Sample preparation and propofol assay
Unbound propofol was isolated by ultrafiltration on Amicon MPS (Millipore, Bedford, MA, USA) units, utilizing the YM-10 membranes (product no. 40424; Millipore) of 10 kDa molecular mass cut-off. The ultrafiltration units were centrifuged in a constant rotor angle centrifuge MPW-341 (Mechanika Precyzyjna, Warsaw, Poland). One millilitre of each CSF or plasma sample was put into a sample compartment of the ultrafiltration unit. After the attachment of an ultrafiltrate collection container, the unit was centrifuged at 804 g until 400 µl of ultrafiltrate were obtained.

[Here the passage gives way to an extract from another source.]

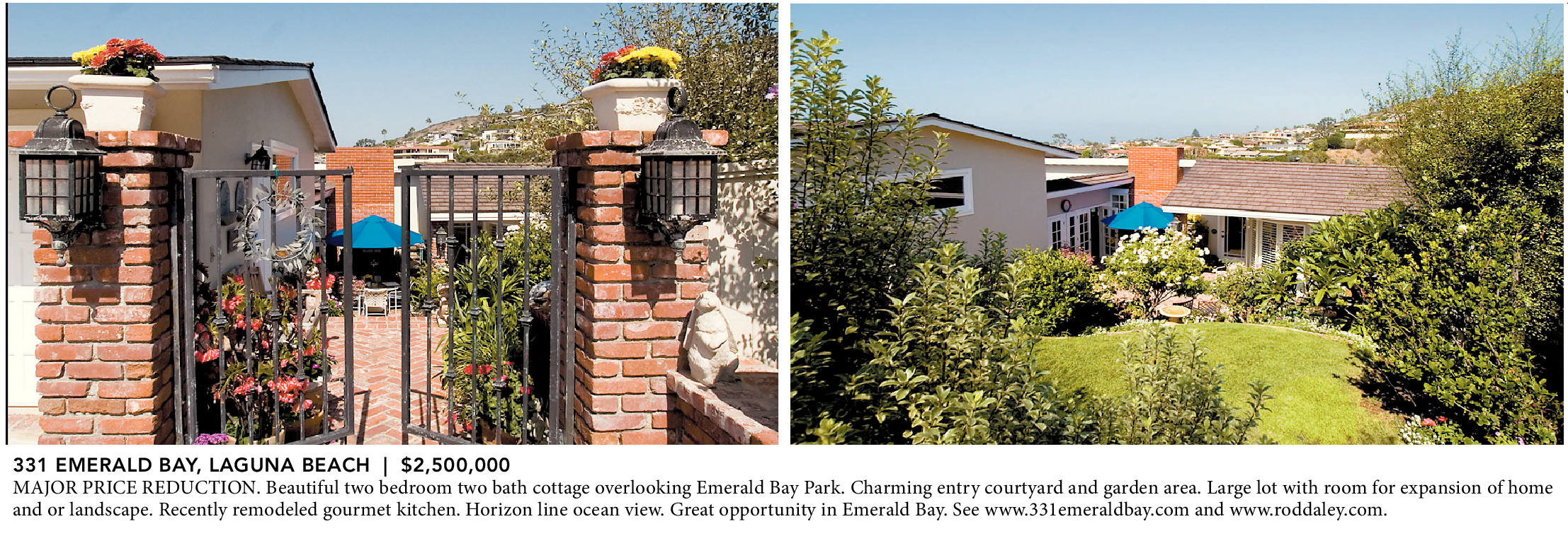 331 EMERALD BAY, LAGUNA BEACH | $2,500,000 MAJOR PRICE REDUCTION. Beautiful two bedroom two bath cottage overlooking Emerald Bay Park. Charming entry courtyard and garden area. Large lot with room for expansion of home and or landscape. Recently remodeled gourmet kitchen. Horizon line ocean view. Great opportunity in Emerald Bay. See www.331emeraldbay.com and www.roddaley.com.
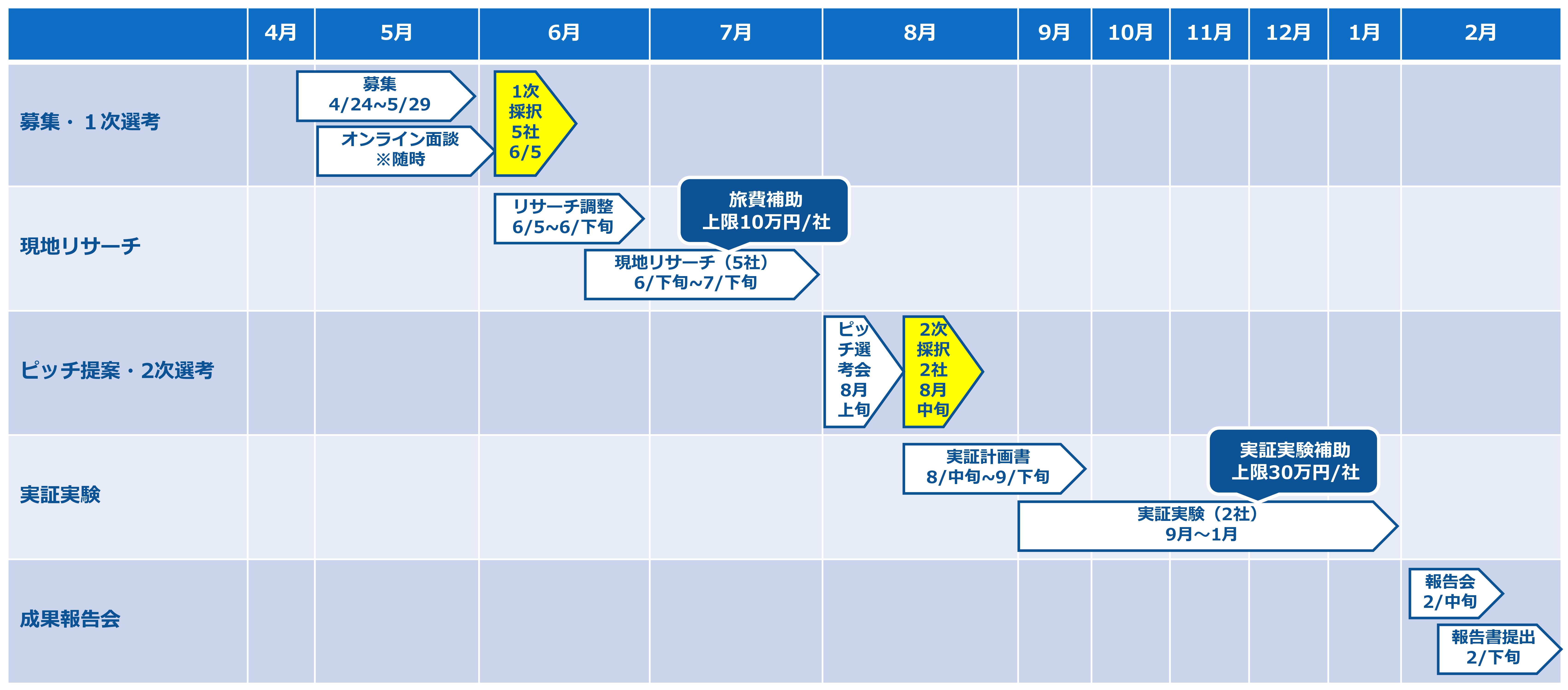 令和8年8月上旬に、現地リサーチなどを踏まえた実証実験内容を提案するピッチ選考会(各社、オンライン形式)を実施します。

Propofol was assayed by high-performance liquid chromatography (HPLC) with fluorescence detection, according to previously published methods [13–16]. Briefly, to each sample of plasma (1 ml), CSF (400 µl), CSF ultrafiltrate (400 µl) or plasma ultrafiltrate (400 µl), thymol, dihydrogen sodium phosphate (1 ml of 0.1 m NaH2PO4), and cyclohexane (5 ml for plasma and 3 ml for CSF and both ultrafiltrates) were added. The mixtures were vigorously shaken for 10 min at 200 oscillations per minute. After centrifugation (1157 g for 5 min), an aliquot of the cyclohexane layer (4 ml or 2 ml, respectively) was transferred to a clean tube containing TMAH solution (20 µl or 10 µl, respectively). The solvent was evaporated to dryness in a stream of nitrogen. The residue was reconstituted in mobile phase and injected onto the chromatographic column. The lower limit of propofol detection in plasma was 43 ng ml−1 with coefficient of variation (n = 3) of 2.8% at 150 ng ml−1, 2.3% at 750 ng ml−1 and 0.9% at 1500 ng ml−1. The lower limit of propofol detection in CSF and ultrafiltrates of plasma and CSF was 1.1 ng ml−1 with coefficient of variation (n = 3) of 11.1% at 5 ng ml−1, 12.1% at 20 ng ml−1 and 9.8% at 40 ng ml−1.
Statistical analysis
The data are expressed as mean value with 95% confidence interval (CI), standard deviation (SD) and standard error mean (SEM) where applicable. Statistical analysis was performed using Student's t-test for dependent samples. Differences were considered significant at P < 0.05.
Results
In patient group I (Figure 1) the mean value for total plasma propofol concentration was 6113 (CI 4971, 7255; SD 2221; SEM 539) ng ml−1; that for free propofol concentration in plasma was 63 (CI 42, 84; SD 40; SEM 9.8) ng ml−1, and that for total propofol concentration in CSF was 96 (CI 76, 116; SD 39; SEM 9.5) ng ml−1. The total propofol concentration in CSF was significantly higher than that of its unbound form in plasma (P < 0.05). The proportion of propofol present in plasma in the free form was 1.06%. The mean ratio of total propofol concentration in CSF to total plasma propofol concentration was 1.80%. The mean ratio of total propofol concentration in CSF to the free drug concentration in plasma was 2.05 (CI 1.405, 2.70; SD 1.26; SEM 0.31).
Figure 1.
Propofol concentrations in plasma and CSF (± SEM) in patients from group I (n = 17). Total propofol concentration in plasma (♦); free propofol concentration in plasma (○); and total propofol concentration in CSF (▿).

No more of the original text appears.